The party is over. It’s time to call it a day.” Well, they are not only calling it a day but a night. They are witnesses to a social universe that is shutting down. Is this a punishment for those who have all the money in the world to dance and drink through the night?

In Kevin Mayuga’s film, When all this is over , no vindication is offered because there was no indictment anyway. This is just human life and the world gone awry. Caught in the throes are people whose lives would go on, lockdown or no lockdown. If there is a lesson in this cinema, it is that in this world, there are people who can go through life breaking rules without being punished. Except with a virus.

However, if When this is all over is a treatise on class structure, then it would have been tedious viewing. Endure the mind-games and drug-induced separate realities (they could go on and on and on) and the film will reward you with the gifts of original cinema. There is the screenplay, which has produced the most exuberant dialogues, even if many of the characters are made to speak in English. The brisk exchange, the dark wit and the saddest send-up of other people’s conditions are so natural one could sense all the actors are acting their own neuroses and narcissism. I could feel the glee in the audience’s heart when these brats are “discovered.”

And there is the story of how the lockdown has proceeded: in a condominium. A cross between Sartre’s no-exit existentialism and a circus that has never recovered its investment, the building houses these characters who are locked down in their own twisted desires (to party and forget the pandemic) and the guards and staff who are the caretakers of the Underworld, except their station in life has not given them the chance to study myths. The condo world is headed by Miss Kate (the glorious Lotlot Bustamante), benign to the rich and a dour dominatrix to staff.

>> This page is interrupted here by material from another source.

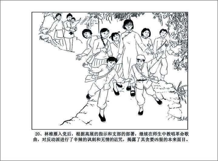 林维雁被学校除名,回到寝室,同学们争相问她:“你是民盟还是中共?”她平静地回答:“我什么都不是,我是群众。”接着她挺起胸膛,掷地有声地说:“回去我照样干,加入共产党是我的奋斗目标!”同学们以崇敬的目光送她踏上新的征途。

As the mother, Ana Abad Santos is hopelessly a Madonna whose arms have long been vacated by her son. She pretends to love her boy now left to fend for himself in a land that has become a foreign soil for him as he badly wants to be Stateside.

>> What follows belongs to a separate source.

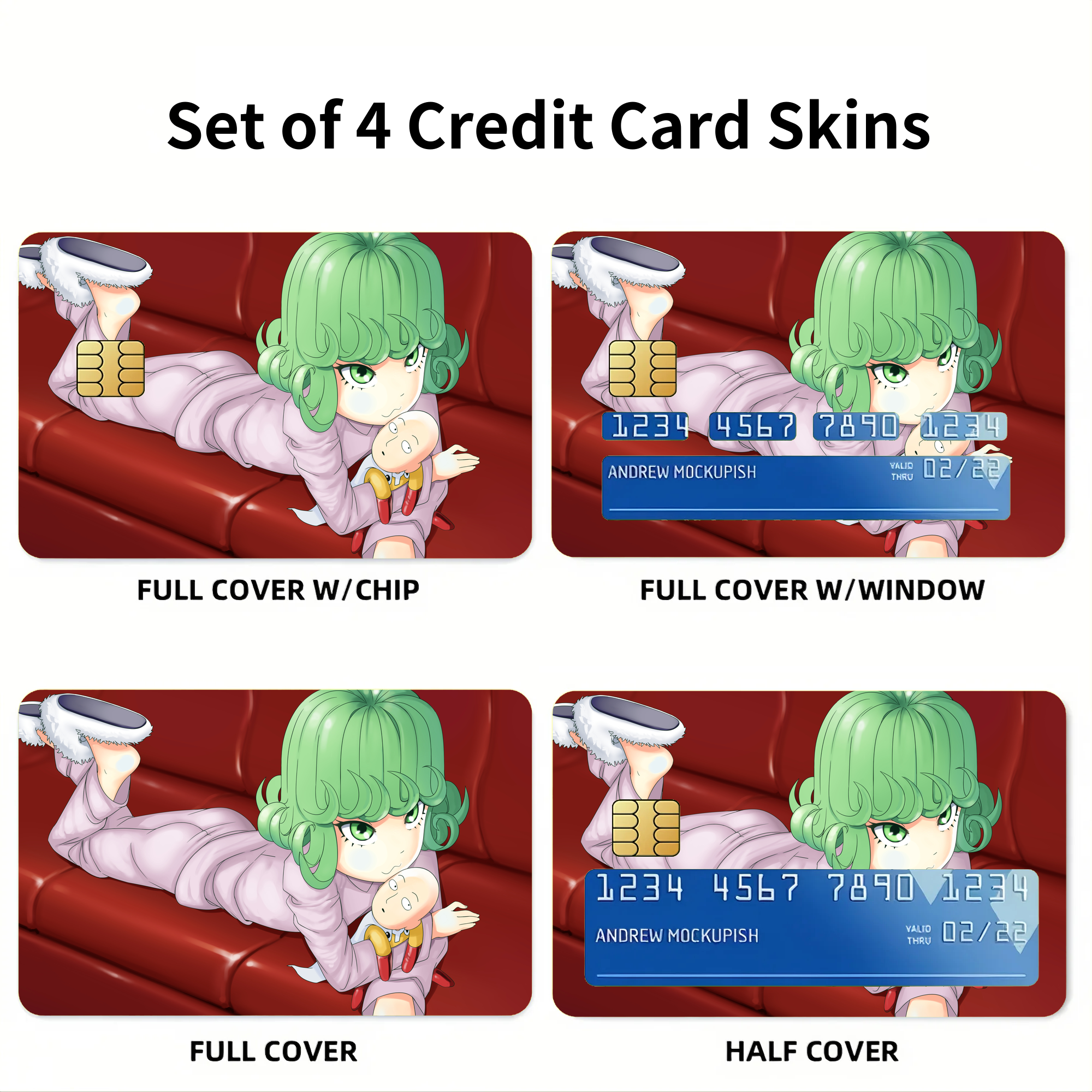 Tatsumaki (and Saitama) Credit Card Skins (4-in-1 Pack)

Two actors of varying popularity are the newest heralds of good performances. Let us begin with Juan Karlos who reminds you of a very juvenile John Lloyd. He gets scenes that have allowed him to show what we call “range” but, interestingly, he never becomes self-conscious, losing in the character of a drug runner what he really is: a boy. In a dream scene, Juan Karlo’s “The Guy” looks for his mother and encounters a prostitute, all this is watched by a child. Then in a twist that is awfully disarming, he is faced with the small boy. Here the line uttered is heartbreaking: “Are you good?”—the same line delivered to him always by those he supplies with chemical happiness. The Guy the boy, a macabre if not a literal depiction of return to the past. Juan Karlo proves to be an actor of supreme strength and sincerity.

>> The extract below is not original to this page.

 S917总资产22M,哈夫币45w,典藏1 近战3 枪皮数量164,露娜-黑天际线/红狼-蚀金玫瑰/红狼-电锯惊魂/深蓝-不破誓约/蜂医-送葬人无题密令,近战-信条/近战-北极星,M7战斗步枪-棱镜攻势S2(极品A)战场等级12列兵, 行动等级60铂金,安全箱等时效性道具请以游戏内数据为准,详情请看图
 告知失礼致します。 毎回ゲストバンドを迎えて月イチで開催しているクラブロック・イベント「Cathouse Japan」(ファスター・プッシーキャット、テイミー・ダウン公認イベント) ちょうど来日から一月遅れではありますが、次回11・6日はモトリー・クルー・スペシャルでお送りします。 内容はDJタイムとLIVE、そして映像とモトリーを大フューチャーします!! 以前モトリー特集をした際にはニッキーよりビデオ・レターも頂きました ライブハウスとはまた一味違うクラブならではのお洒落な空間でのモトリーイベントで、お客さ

Another wreath of admiration belongs to this obscure actor with a piquant name, Jorrybell Agoto. She appears as the guard in charge of the roof deck. She is the type one ignores, the face that one easily forgets. As the film progresses, however, we become aware of her own self-awareness. In the end, The Guy runs after her, Rosemarie. They face. She is expressionless. She has left the reading of her face to us. She has lured us into her quotidian world, the ordinariness that gave us glory about ourselves when we pretended to be kind to each other when everyone seemed to be dying around us, and dreamt of a wonderful world when all this was over.

W hen This is All Over is directed by Kevin Mayuga from the screenplay credited to him, Abbey Mayuga-de Guia and Benedict O. Mendoza. The nearly surreal images delivered by its director of cinematography, Martika Ramirez-Escobar, completes our incursion into a world that we survived only to face back the world domineering.